Live sheep exports will not be banned despite animal welfare concerns

Live sheep exports will not be banned despite animal welfare concerns
Photo: Onepony, Bigstock

There won’t be any ban on live exports of sheep to the Middle East during the northern hemisphere’s summer in 2018. David Littleproud, the Federal Agriculture Minister, is set to release the independent review into the industry today.

It has been confirmed that over the summer occurring in the northern hemisphere there won’t be any bans on the live export of sheep despite the concerns of the Australian Veterinary Association (AVA) and the RSPCA that there was no mechanism to protect sheep from heat stress that is often fatal.

The independent review was set up by the Government following the release of shocking video that showed hundreds of sheep dying of heat stress during a voyage from Perth to Freemantle in 2017. Despite the personal outrage from Mr Littleproud, it appears that the promise that the video would not lead to a ban will be kept.

Labor recently called for a complete ban on the industry, saying that the industry was no longer viable.

The disturbing images of dead and dying sheep prompted a widespread outcry for an end to live exports, at least during the hottest months of the year.

However, the live sheep trade is worth approximately $249 million AUD each year and employs a great deal of Australian farmers. Emanuel Exports, a major live sheep exporter, agreed to the government’s demands for an independent authority to board and accompany live exports as well as provide a 17.5% increase of space for the animals.

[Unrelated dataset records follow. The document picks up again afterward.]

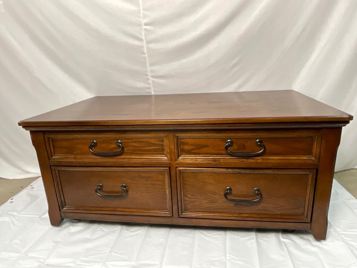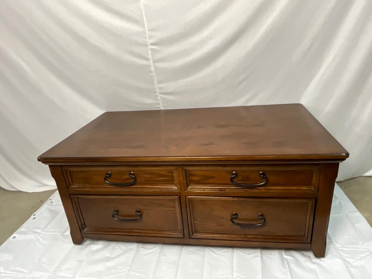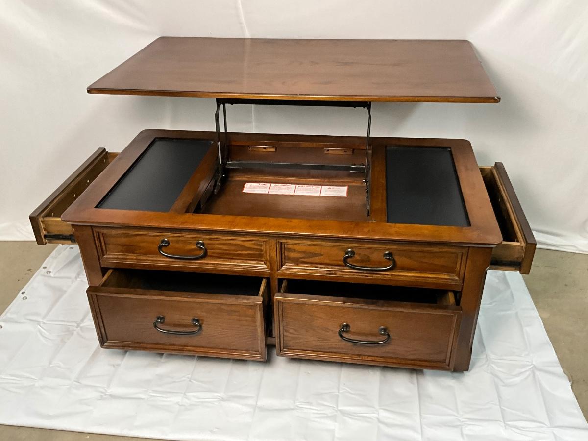 Lot P 656 Four Drawer Wooden Coffee Table with Elevating Table Top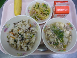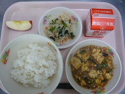 ごはん、麻婆豆腐、五目なます、りんご、牛乳
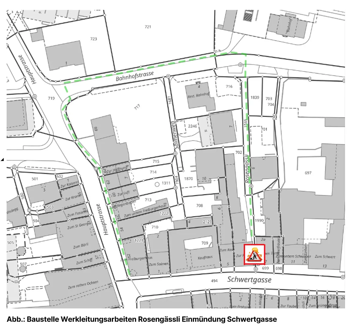 Betroffen ist lediglich der Bereich der Einmündung Schwertgasse. Das Rosengässli ist von der Bahnhofstrasse weiterhin ohne Einschränkung zugänglich. Die Fussgänger werden über die Bahnhofstrasse – Hauptstrasse umgeleitet. Vielen Dank für Ihr Verständnis.
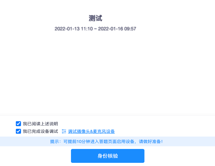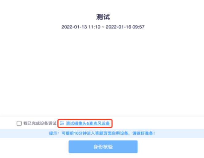 ● 回到考试说明首页,勾选【我已完成设备调试】,再点击下方【身份核验】按钮: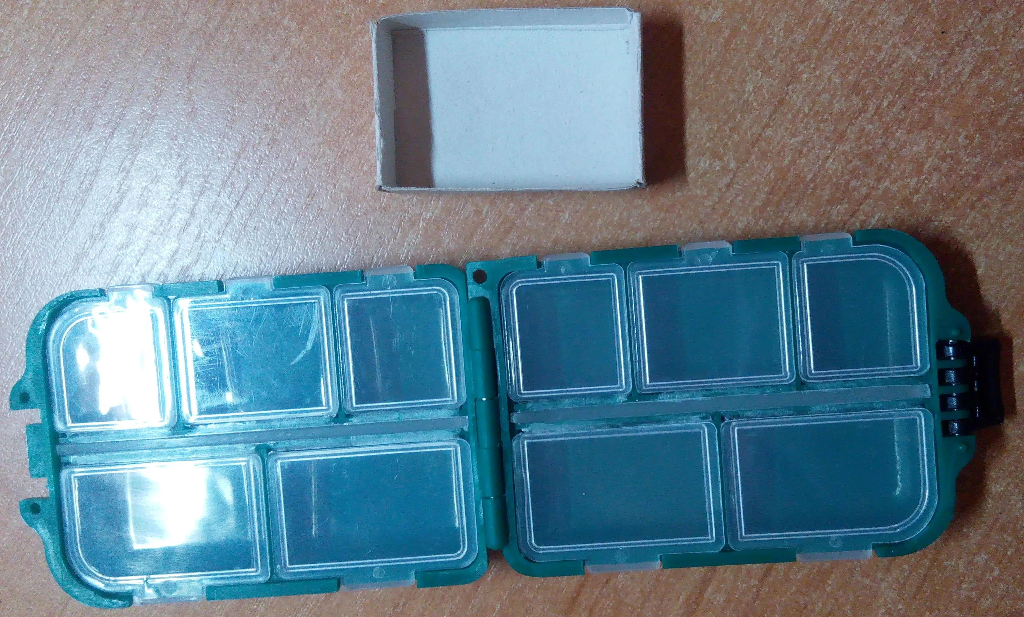 Коробочка для мелочей пришла без повреждений, очень хорошего качества, крышки отсеков закрываются очень хорошо, заказывал для рыболовных мелочей. Рекомендую продавца и данный товар. Продавцу спасибо большое!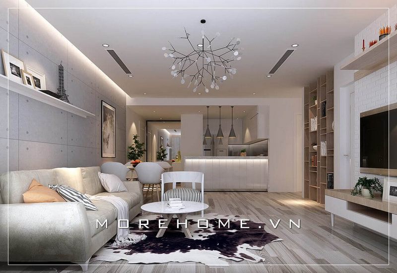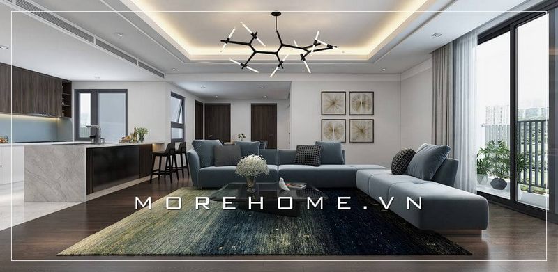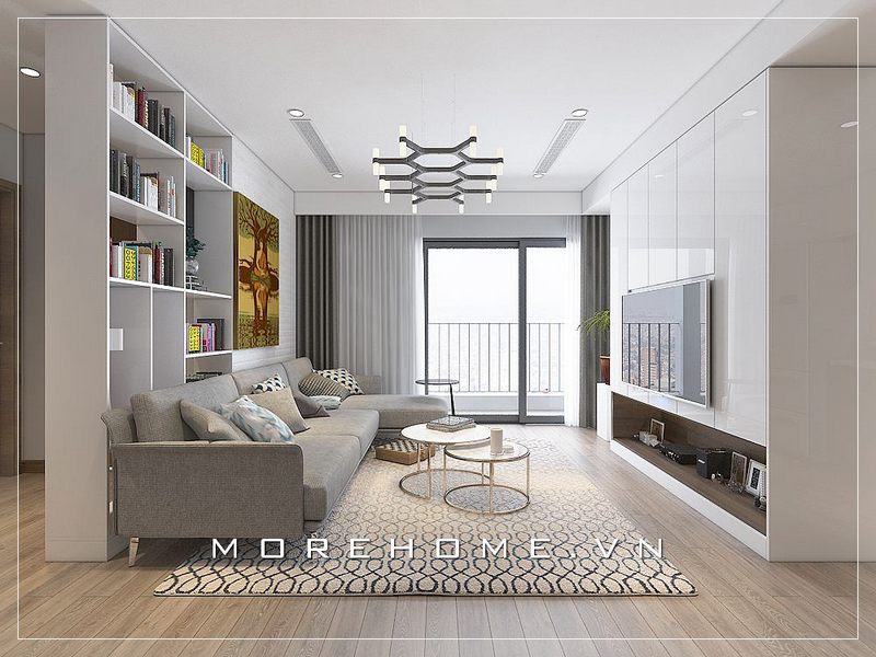Tối ưu không gian phòng khách căn hộ chung cư hiện đại với thiết kế sofa góc tiện lợi tinh tế từ sắc xám của vải bọc êm ái đầy thu hút.

The shocking video footage that prompted the renewed debate on live exports was filmed on an Emanuel Exports shipment in which 2,400 sheep died. Mr Littleproud and animal rights groups expressed that the conditions the sheep were being transported in were unacceptable.

In its own submission to the independent review, the AVA recommended that there be a temporary hold on live exports during the northern summer months between May and October and that the space for sheep be expanded to 30% more. It has been noted that air conditioning for the livestock is not an option.

However, those who export livestock for a living say that a suspension of a trade during the north summer would destroy Australia’s competitiveness and make other nations view Australia as unreliable. Matt Canavan, a Nationals frontbencher, said that the Government needs to be careful about how it handles the industry and not make Labor’s mistake seeking a “kneejerk” ban.